[Mpi3-ft] New FT API

Fri Aug 12 09:15:47 CDT 2011

Comments inline below.

On Thu, Aug 11, 2011 at 3:48 PM, Darius Buntinas <buntinas at mcs.anl.gov> wrote:
>
> Hi Josh,
>
> Thanks for you comments, I made mine inline.
>
> On Aug 10, 2011, at 4:29 PM, Josh Hursey wrote:
>
>> Thanks for getting that new interface going. I have some notes below
>> for discussion.
>>
>> -- Josh
>>
>>
>> - Should we rename MPI_COMM_GET_FAILED to MPI_COMM_GROUP_FAILED() to
>> better match the MPI_Comm_group() signature?
>
> I'd be OK with that.
>
>> - Should we add an optional MPI_Info parameter to the
>> MPI_Comm_get_failed() operation to allow for implementation specific
>> optimizations - similar to what we had with the 'mask' in the previous
>> proposal.
>
> I looked through both the ticket276 document and the wiki but couldn't find a list of valid masks, so I'm not sure how it would be used.  The one mask I did see was "new", but that should be determined using MPI_GROUP_DIFFERENCE to avoid a race.  What were the other mask values we were considering?

I'm ok with dropping it, but I just wanted to note that the mask
introduced a path for implementations to help the users manage large
lists of processes by categorizing them in some non-standard way.
However, the new/old mask was the driving use case, and we have a
different way to do that.
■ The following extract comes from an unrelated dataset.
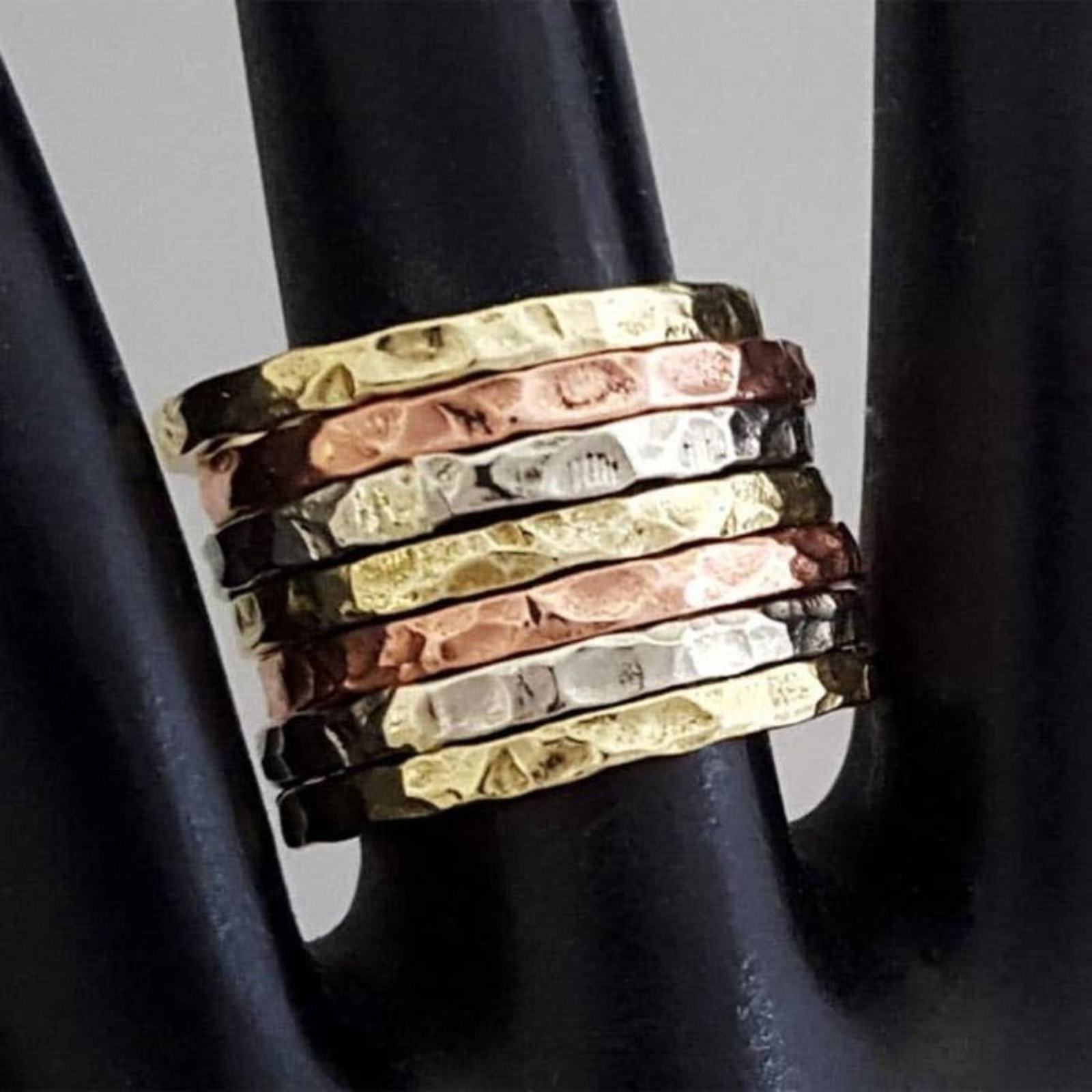 Tricolor Tri Metal Seven layer Gypsy Ring Hammered Silver Bronze Copper

So I would keep it out for now, unless
others have use cases.

>
>> - What should we do for intercommunicators?
>> A) Should we expand the signature of MPI_Comm_get_failed to return
>> both the failed set for both the local and remote groups?
>> MPI_Comm_get_failed(comm, local_grp, remote_grp)
>> B) Should MPI_Comm_get_failed only return the remote group for
>> intercommunicators, and force the user to MPI_Comm_group() to get the
>> local group then call a MPI_Group_get_failed() to get the subset of
>> failures?
>> C) Add a MPI_Comm_get_failed_remote(comm, grp) that would return the
>> failures in the remote group, and MPI_Comm_get_failed() would only
>> ever return the failures in the local list.
>> D) Something else?
>
> I think we want C.  If we want to parallel mpi_comm_group, we can have mpi_comm_group_failed return the failed processes in the local group, then have the mpi_comm_remote_group_failed to return the failed processes in the remote group (like mpi_comm_remote_group).
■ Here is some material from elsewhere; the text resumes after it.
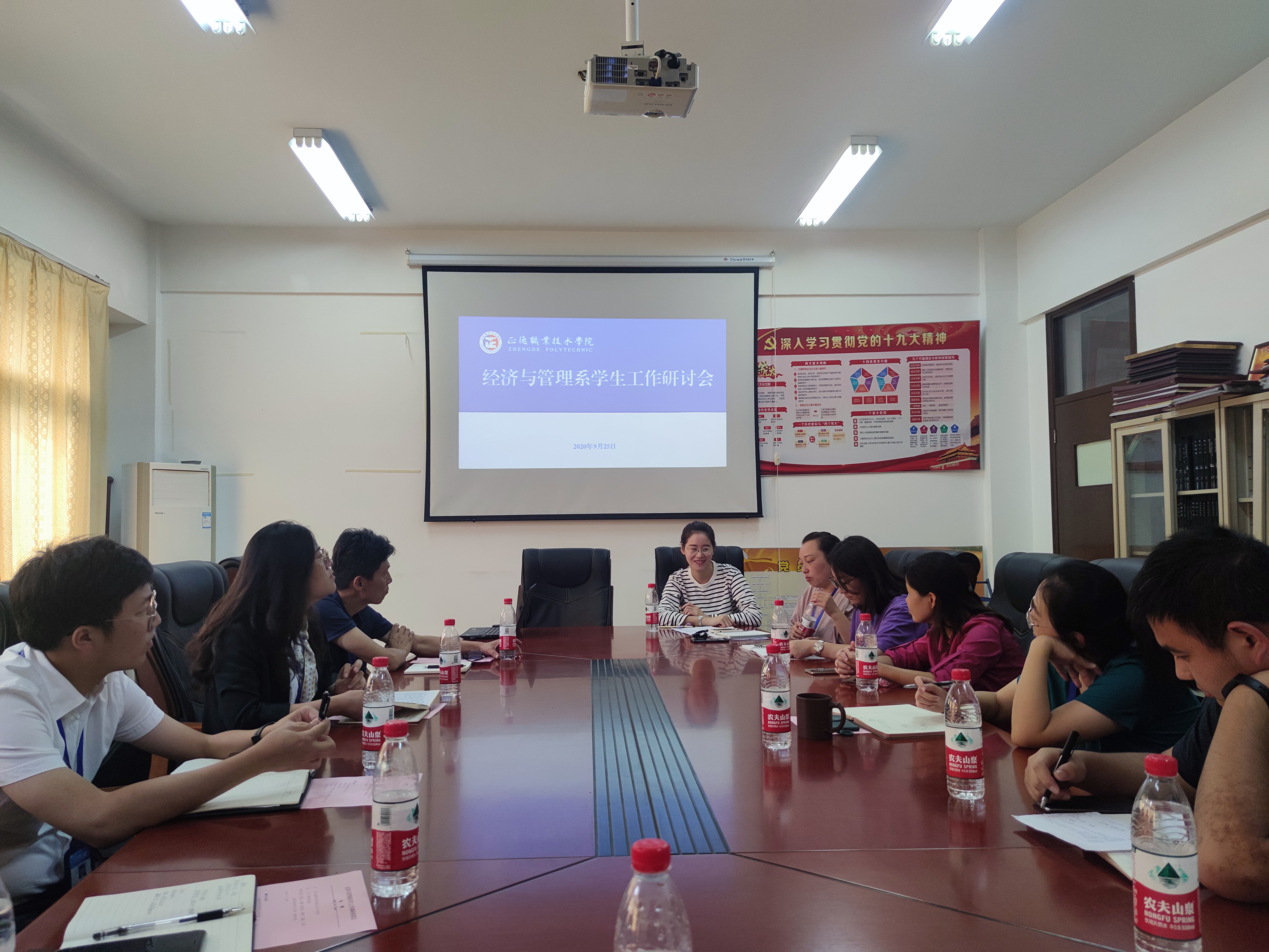 2020年9月25日上午,任慈副院长到我系调研学生工作,院长助理王健,学生处、后勤处、保卫处主要负责人参与调研。经济与管理系主任王燕、副主任祖国,全体辅导员以及教师代表参加了调研汇报。

I like (C) the best as well. I agree that it fits best with the
current standard.

>
>>
>> - MPI_ANY_SOURCE: I think the user should have to pass in a group
>> containing the list of failed ranks that it is allowing to participate
>> even though they are failed. If there are other failures on the
>> communicator that are not contained in this list then the
>> MPI_ANY_SOURCE will fail as before. This protects the user from
>> acknowledging more processes than it expects to, and avoids the thread
>> safety issue mentioned on the wiki.
>
> It returns the group of processes that were acknowledged.  The idea is that the user can compare the returned group with a group that it had previously to see if any new processes were detected (and acknowledged).
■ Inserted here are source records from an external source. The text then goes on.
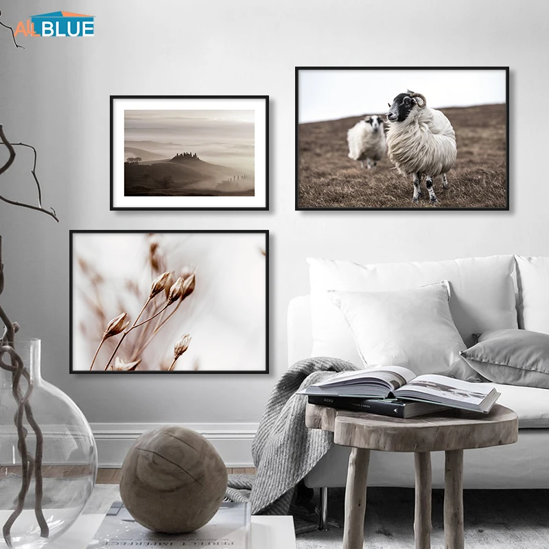 Долина пейзаж холст плакат в скандинавском стиле постеры с животными и принт растение рисунок с овцами стены искусства картина для декора гостиной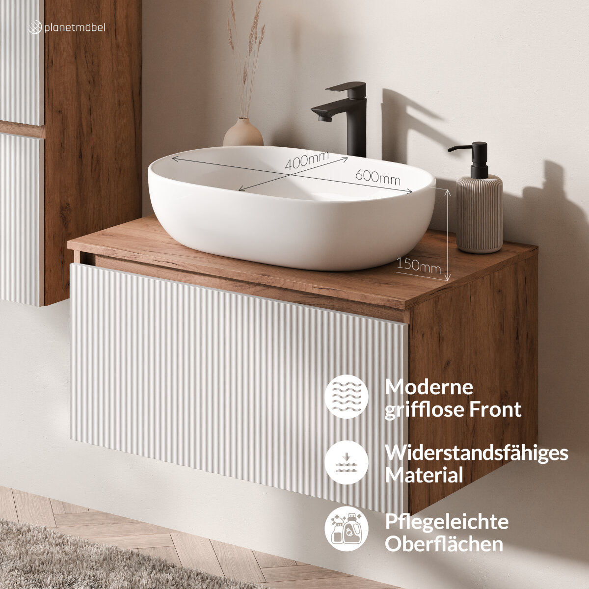 Das im Set enthaltene Keramik-Aufsatzwaschbecken überzeugt mit glatter, kratzfester Oberfläche und moderner Formgebung. Erhältlich in Schwarz oder Weiß sowie in drei Größenvarianten, fügt es sich perfekt in das Design des Waschtischs ein.
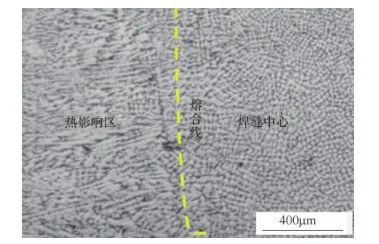 30CrMnSiNi2A钢TIG焊修复接头的形貌如图4所示,接头由焊缝区、熔合线、热影响区和母材区组成。接头微观组织如图5所示。焊缝中心主要为粗大等轴晶,靠近熔合线的焊缝区主要由柱状晶构成。这是因为熔融的填充金属首先从熔合线开始凝固,由于冷却速度较快,过冷度较大,容易生成柱状晶,焊缝中心凝固速度变慢且过冷度减小,更容易生成等轴晶。焊缝金属在冷却过程中经历了固态相变,首先形成奥氏体和铁素体组织,随着温度进一步下降,转化为板条马氏体和少量残留奥氏体[5] 。

It is nice that this matches the behavior of
MPI_Comm_validate/MPI_Comm_group_failed, which also returns the agreed
upon list - which may include failures that the user may not be aware
of yet.

>
> We could have the user pass in a group of processes to be acknowledged, but then the implementation needs to keep track of which failures are acknowledged and which aren't, as opposed to just a flag: anysource enabled/disabled.  And it still doesn't address the thread safety problem:  A thread can still come in and acknowledge failures that occurred between the time another thread checked/acknowledged failures and when it called a blocking wildcard receive.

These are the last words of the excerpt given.